[INPUT DATA]
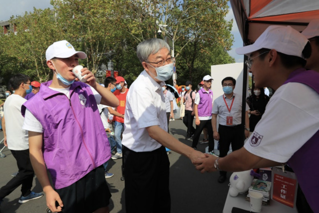 “今天天气很热,大家辛苦了!”下午两点,吕建校长来到仙林校区南门的党员先锋岗和青年志愿者服务站,看望慰问参加迎新工作的志愿者们,对大家的辛苦付出表示感谢。1200多名志愿者负责高铁接站、交通导引、维持秩序、答疑解惑等各项公益服务,炎炎烈日下,是一张张飞扬着汗水和青春的热情笑颜。
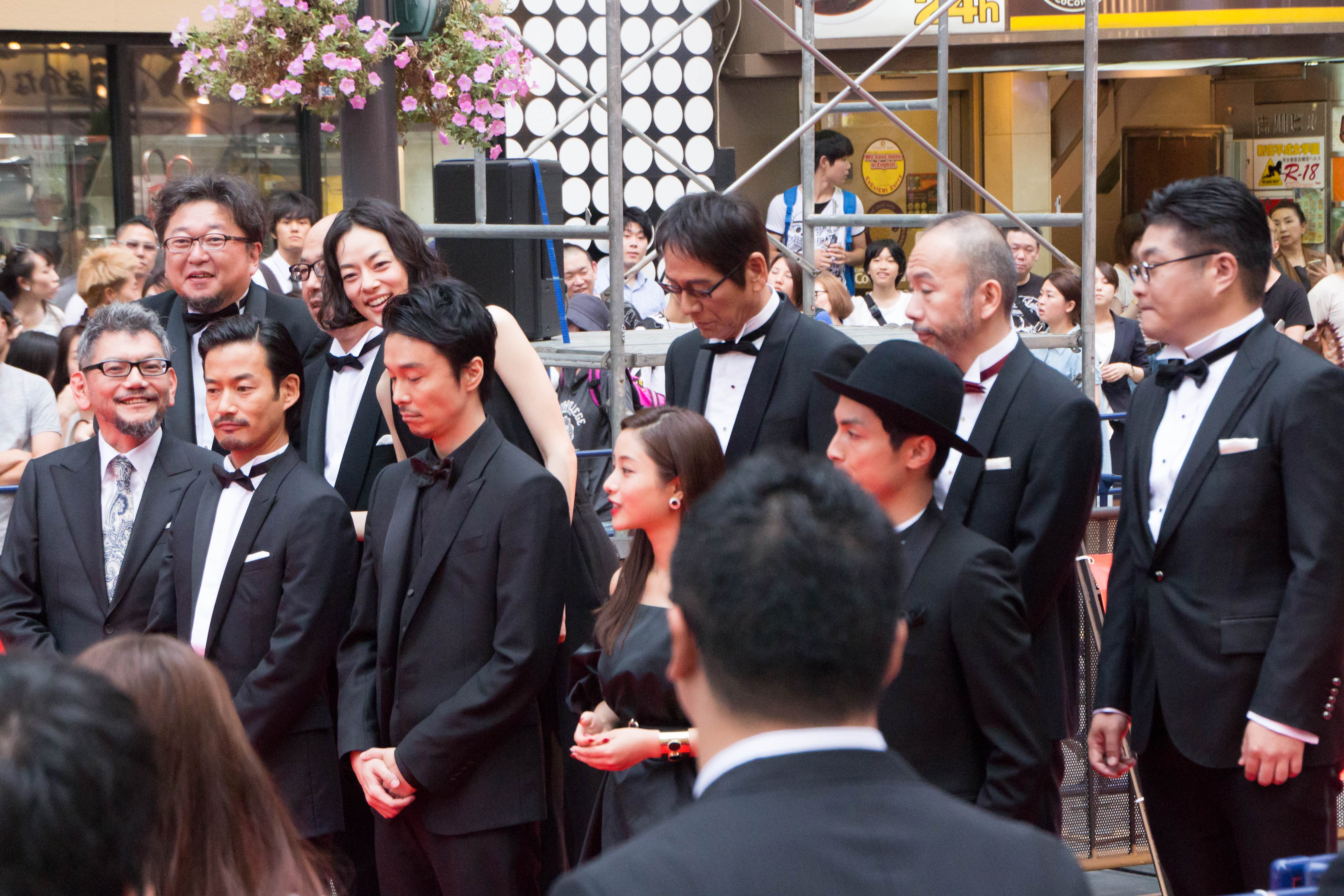 (앞줄 왼쪽부터) 안노 히데아키, 다케노우치 유타카, 하세가와 히로키, 이시하라 사토미, 고라 켄고 (뒷줄 왼쪽부터) 히구치 신지, 오노에 카츠로, 이치카와 미카코, 오스기 렌, 츠카모토 신야, 마츠오 사토루
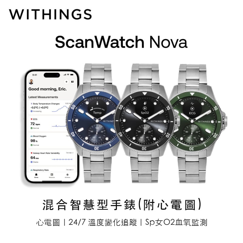 ScanWatch Nova薈聚了超過10年的全天候全面追蹤經驗,為用戶提供最精確的手錶體驗和應用程式內 互動。作為我們混合型高階智慧手錶的最新一代產品,採用了升級後的HealthSenseTM系統和先進的感 測器,以提供更豐富的指標和更高的準確度。
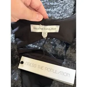 Dress the Population midi dress. Size XXL. Black sequin exterior. Halter neckline. Low back design. Sleeveless silhouette. Lined interior.
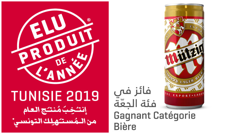 تسجّل علامة ” Mützig ” حضورها منذ 30 عامًا في العالم ومنذ 4 سنوات في تونس . وتمنح هذه العلامة التي تم اختيارها “منتج العام ” الكلمة للمستهلكين كل عام وتسمح لهم بالتصويت لفائدة منتجاتهم المفضّلة حسب معايير ثلاثة وهي : الجاذبية والابتكار والإرضاء .
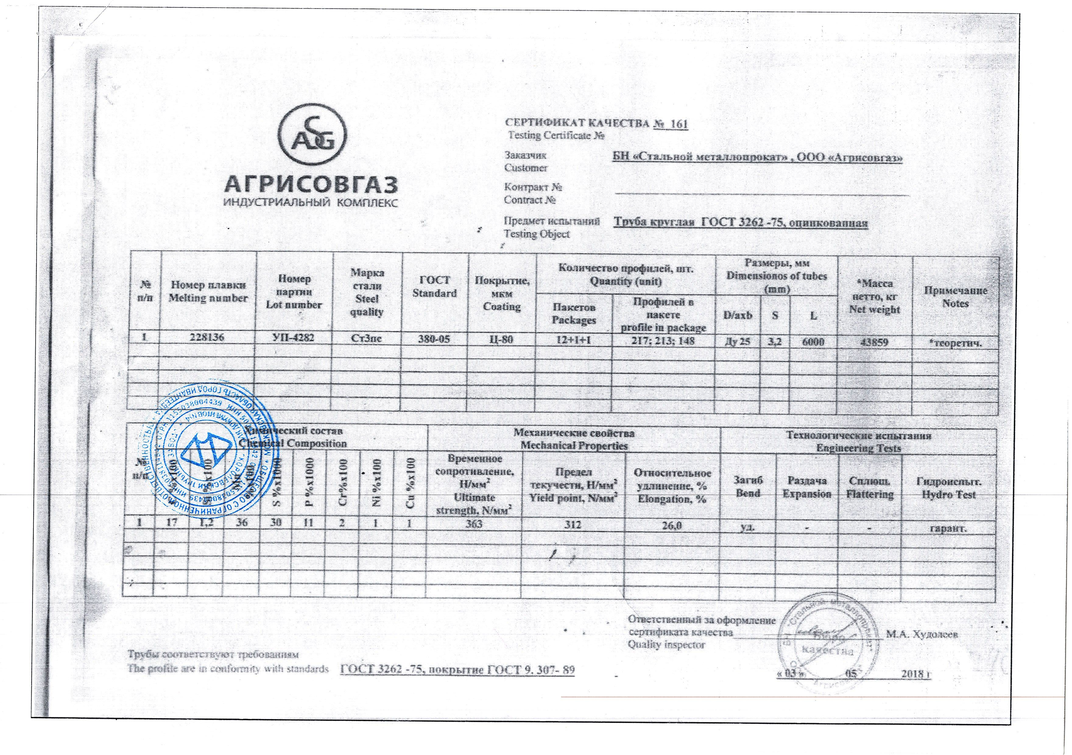 Допустимое отклонение в длине +/- 50мм, предельное отклонение толщины стенки от -25% до +12,5%
[/INPUT DATA]
## WORK INSTRUCTIONS
The answer must consist of the entries above, reproduced word for word, without any pictures.

## ANSWER FOR THIS EXERCISE
 “今天天气很热,大家辛苦了!”下午两点,吕建校长来到仙林校区南门的党员先锋岗和青年志愿者服务站,看望慰问参加迎新工作的志愿者们,对大家的辛苦付出表示感谢。1200多名志愿者负责高铁接站、交通导引、维持秩序、答疑解惑等各项公益服务,炎炎烈日下,是一张张飞扬着汗水和青春的热情笑颜。
 (앞줄 왼쪽부터) 안노 히데아키, 다케노우치 유타카, 하세가와 히로키, 이시하라 사토미, 고라 켄고 (뒷줄 왼쪽부터) 히구치 신지, 오노에 카츠로, 이치카와 미카코, 오스기 렌, 츠카모토 신야, 마츠오 사토루
 ScanWatch Nova薈聚了超過10年的全天候全面追蹤經驗,為用戶提供最精確的手錶體驗和應用程式內 互動。作為我們混合型高階智慧手錶的最新一代產品,採用了升級後的HealthSenseTM系統和先進的感 測器,以提供更豐富的指標和更高的準確度。
 Dress the Population midi dress. Size XXL. Black sequin exterior. Halter neckline. Low back design. Sleeveless silhouette. Lined interior.
 تسجّل علامة ” Mützig ” حضورها منذ 30 عامًا في العالم ومنذ 4 سنوات في تونس . وتمنح هذه العلامة التي تم اختيارها “منتج العام ” الكلمة للمستهلكين كل عام وتسمح لهم بالتصويت لفائدة منتجاتهم المفضّلة حسب معايير ثلاثة وهي : الجاذبية والابتكار والإرضاء .
 Допустимое отклонение в длине +/- 50мм, предельное отклонение толщины стенки от -25% до +12,5%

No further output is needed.